■ Supplied information:
· · ·
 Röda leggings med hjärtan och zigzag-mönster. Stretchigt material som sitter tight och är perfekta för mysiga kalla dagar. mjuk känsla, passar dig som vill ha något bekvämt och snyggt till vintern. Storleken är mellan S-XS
· · ·
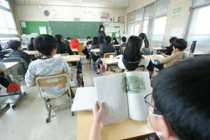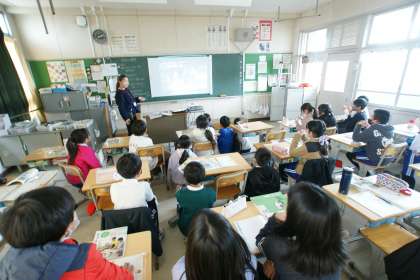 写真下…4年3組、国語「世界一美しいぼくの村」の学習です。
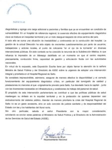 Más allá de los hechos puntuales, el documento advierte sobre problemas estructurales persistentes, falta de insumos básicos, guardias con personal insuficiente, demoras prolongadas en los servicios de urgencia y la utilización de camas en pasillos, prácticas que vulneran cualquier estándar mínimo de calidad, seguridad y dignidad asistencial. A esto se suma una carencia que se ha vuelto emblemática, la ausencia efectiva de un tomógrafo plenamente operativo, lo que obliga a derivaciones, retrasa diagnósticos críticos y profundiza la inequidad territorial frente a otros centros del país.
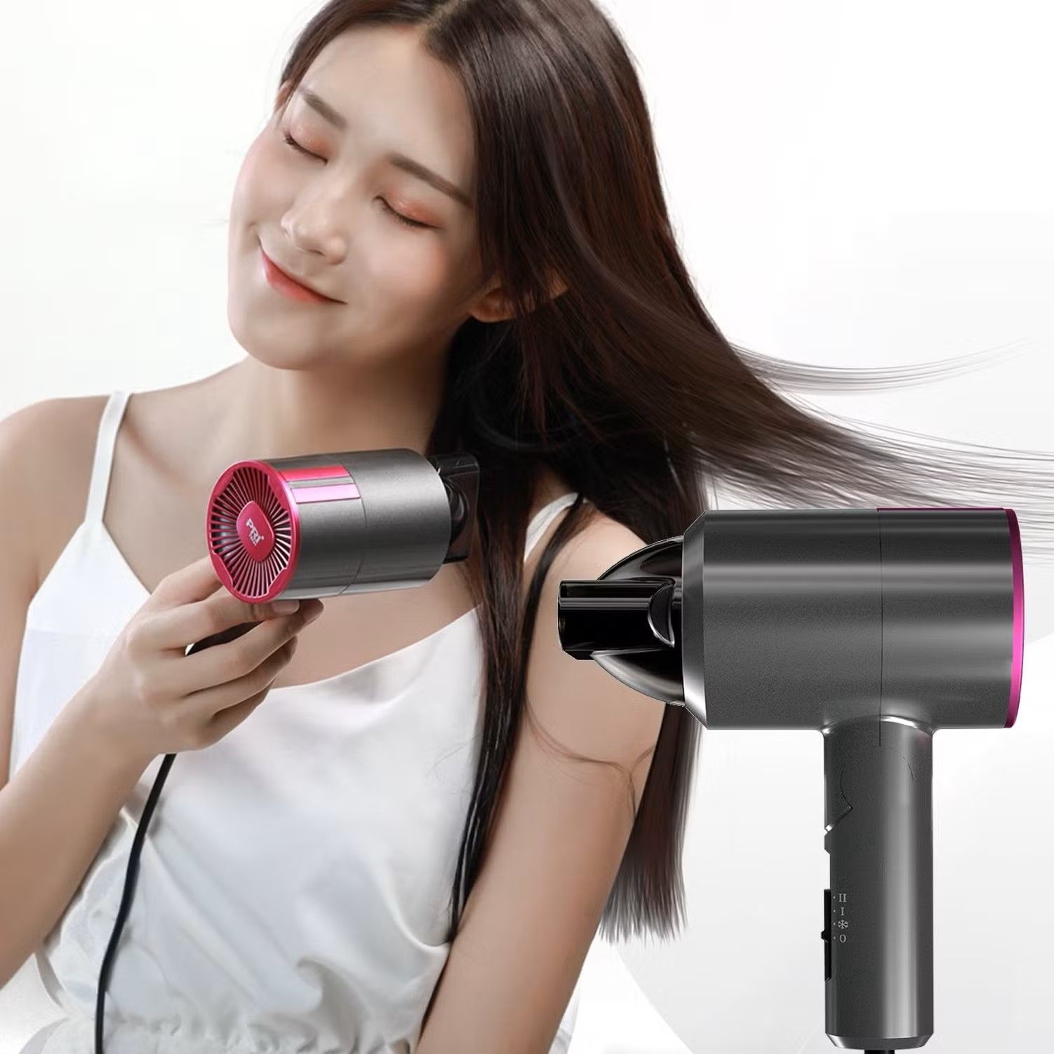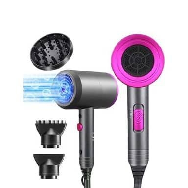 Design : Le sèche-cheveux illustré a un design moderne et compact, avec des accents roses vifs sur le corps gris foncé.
· · ·
■ Your goal: Here the job is to copy the stretch of records from the line containing "写真下…4年3組、国語「世界一美しいぼくの村」の学習です。" through the line containing "Design : Le", word for word. Leave every picture out.

■ Written reply:
 写真下…4年3組、国語「世界一美しいぼくの村」の学習です。
 Más allá de los hechos puntuales, el documento advierte sobre problemas estructurales persistentes, falta de insumos básicos, guardias con personal insuficiente, demoras prolongadas en los servicios de urgencia y la utilización de camas en pasillos, prácticas que vulneran cualquier estándar mínimo de calidad, seguridad y dignidad asistencial. A esto se suma una carencia que se ha vuelto emblemática, la ausencia efectiva de un tomógrafo plenamente operativo, lo que obliga a derivaciones, retrasa diagnósticos críticos y profundiza la inequidad territorial frente a otros centros del país.
 Design : Le sèche-cheveux illustré a un design moderne et compact, avec des accents roses vifs sur le corps gris foncé.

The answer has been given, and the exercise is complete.